**EXERCISE DESCRIPTION**
A word-for-word copy of the following listing is needed. Leave out its images.

**SOURCE MATERIAL**
BEGIN
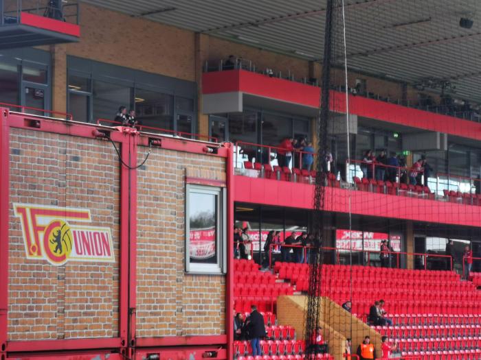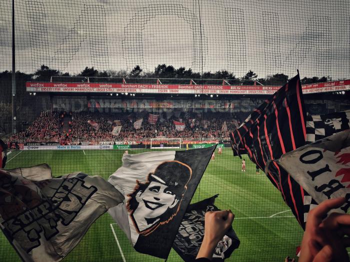 Der Dampfer biegt um die Ecke, die Töne verklingen, wir spazieren dem Stadion entgegen, sind guter Dinge und gut in der Zeit. Der Einlass erfolgt unspektakulär, die Bratwurst ist prima und peu a peu trudeln die Eintrachtfans ein. Wir wandern von unten nach oben, und stellen uns brav in die Reihe. Frank ist auch schon da, seine Mitreisende Heike kommt später. Fahnen werden uns später die Sicht verstellen, soviel ist sicher. Egal, wo du stehst. Bemerkenswert ist hier bei Union die Stadionmusik und der unaufgeregte Empfang, erinnert mich immer so ein bisschen an meine Zeit als Stadionsprecher bei den Amateuren, später U23. Die Playlist gibts sogar über Twitter auf Spotify. Diesmal erfreuen uns unter anderem Rihanna, Placebo, Mando Diao und The Verve – wobei Bittersweet Symphony schon ein toller Song ist, bei mir aber sofort eine Leverkusen-Allergie auslöst. Bei der Mannschaftsvorstellung der Eisernen rufen die Fans bei jedem Spieler „Fußballgott“ und sogar Christian Lenz, der seit zwei Jahren bei der Eintracht kickt und damals mit Union aufgestiegen ist, wird von heimischer Seite ausgiebig gewürdigt. Dann singt Nina Hagen „Eisern Union“ – allerdings nicht live. Es ist stets aufs Neue ein unterhaltsames Fußballerlebnis, hier in der Alten Försterei aufzuschlagen, auch wenn kurz nach Anpfiff alle Fahnen ausgepackt werden und somit die Sicht aufs sportliche Geschehen von überschaubarer Überschaubarkeit ist. Die Eintracht scheint in Hälfte eins zwei schöne Chancen zu versemmeln, und da auch Union nicht trifft, geht es mit dem 0:0 zum Halbzeittee. Ich würde gerne mal wissen, wann die Eintracht letztmals wirklich Tee zur Pause genommen hat. Dazu müsste man wohl mal Egon Loy fragen.
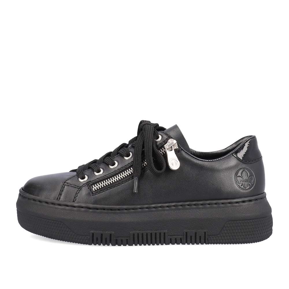 Detailní informace Nadčasová černá kožená dámská teniska, která Vás zaujme na první pohled. Nejen díky snadnému nazutí za což vděčí funkčnímu zipu s logem Rieker, ale také vkusnou tkaničkou na šněrování, díky které si botu dokonale přizpůsobíte. Měkká stélka z kůže spolu s Antistress podešví, zajistí, že se budete cítit jako na obláčku. Jednoduchý elegantní vzhled těchto tenisek lehce sladíte se sukní, šaty nebo i kalhoty. V jednoduchosti je krása a tyto boty jsou toho čirým důkazem. Tak šup s nimi do košíku!
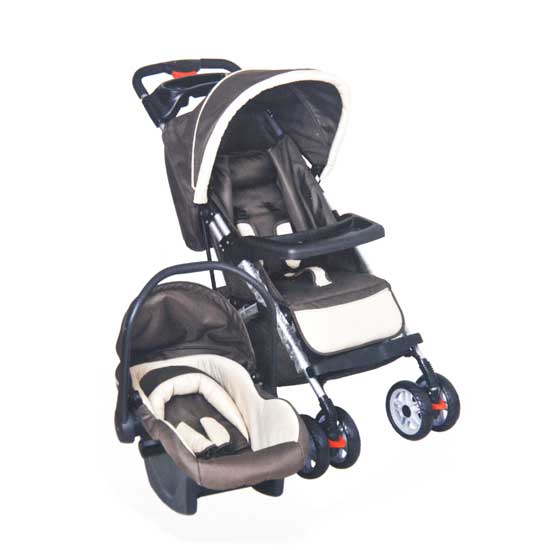 This baby stroller and car seat set is a great companion for parents who are always on the go. The baby stroller features a front tray and a safety harness system. The baby car seat is designed with a top handle for added convenience.
END
**WRITTEN SOLUTION**
 Der Dampfer biegt um die Ecke, die Töne verklingen, wir spazieren dem Stadion entgegen, sind guter Dinge und gut in der Zeit. Der Einlass erfolgt unspektakulär, die Bratwurst ist prima und peu a peu trudeln die Eintrachtfans ein. Wir wandern von unten nach oben, und stellen uns brav in die Reihe. Frank ist auch schon da, seine Mitreisende Heike kommt später. Fahnen werden uns später die Sicht verstellen, soviel ist sicher. Egal, wo du stehst. Bemerkenswert ist hier bei Union die Stadionmusik und der unaufgeregte Empfang, erinnert mich immer so ein bisschen an meine Zeit als Stadionsprecher bei den Amateuren, später U23. Die Playlist gibts sogar über Twitter auf Spotify. Diesmal erfreuen uns unter anderem Rihanna, Placebo, Mando Diao und The Verve – wobei Bittersweet Symphony schon ein toller Song ist, bei mir aber sofort eine Leverkusen-Allergie auslöst. Bei der Mannschaftsvorstellung der Eisernen rufen die Fans bei jedem Spieler „Fußballgott“ und sogar Christian Lenz, der seit zwei Jahren bei der Eintracht kickt und damals mit Union aufgestiegen ist, wird von heimischer Seite ausgiebig gewürdigt. Dann singt Nina Hagen „Eisern Union“ – allerdings nicht live. Es ist stets aufs Neue ein unterhaltsames Fußballerlebnis, hier in der Alten Försterei aufzuschlagen, auch wenn kurz nach Anpfiff alle Fahnen ausgepackt werden und somit die Sicht aufs sportliche Geschehen von überschaubarer Überschaubarkeit ist. Die Eintracht scheint in Hälfte eins zwei schöne Chancen zu versemmeln, und da auch Union nicht trifft, geht es mit dem 0:0 zum Halbzeittee. Ich würde gerne mal wissen, wann die Eintracht letztmals wirklich Tee zur Pause genommen hat. Dazu müsste man wohl mal Egon Loy fragen.
 Detailní informace Nadčasová černá kožená dámská teniska, která Vás zaujme na první pohled. Nejen díky snadnému nazutí za což vděčí funkčnímu zipu s logem Rieker, ale také vkusnou tkaničkou na šněrování, díky které si botu dokonale přizpůsobíte. Měkká stélka z kůže spolu s Antistress podešví, zajistí, že se budete cítit jako na obláčku. Jednoduchý elegantní vzhled těchto tenisek lehce sladíte se sukní, šaty nebo i kalhoty. V jednoduchosti je krása a tyto boty jsou toho čirým důkazem. Tak šup s nimi do košíku!
 This baby stroller and car seat set is a great companion for parents who are always on the go. The baby stroller features a front tray and a safety harness system. The baby car seat is designed with a top handle for added convenience.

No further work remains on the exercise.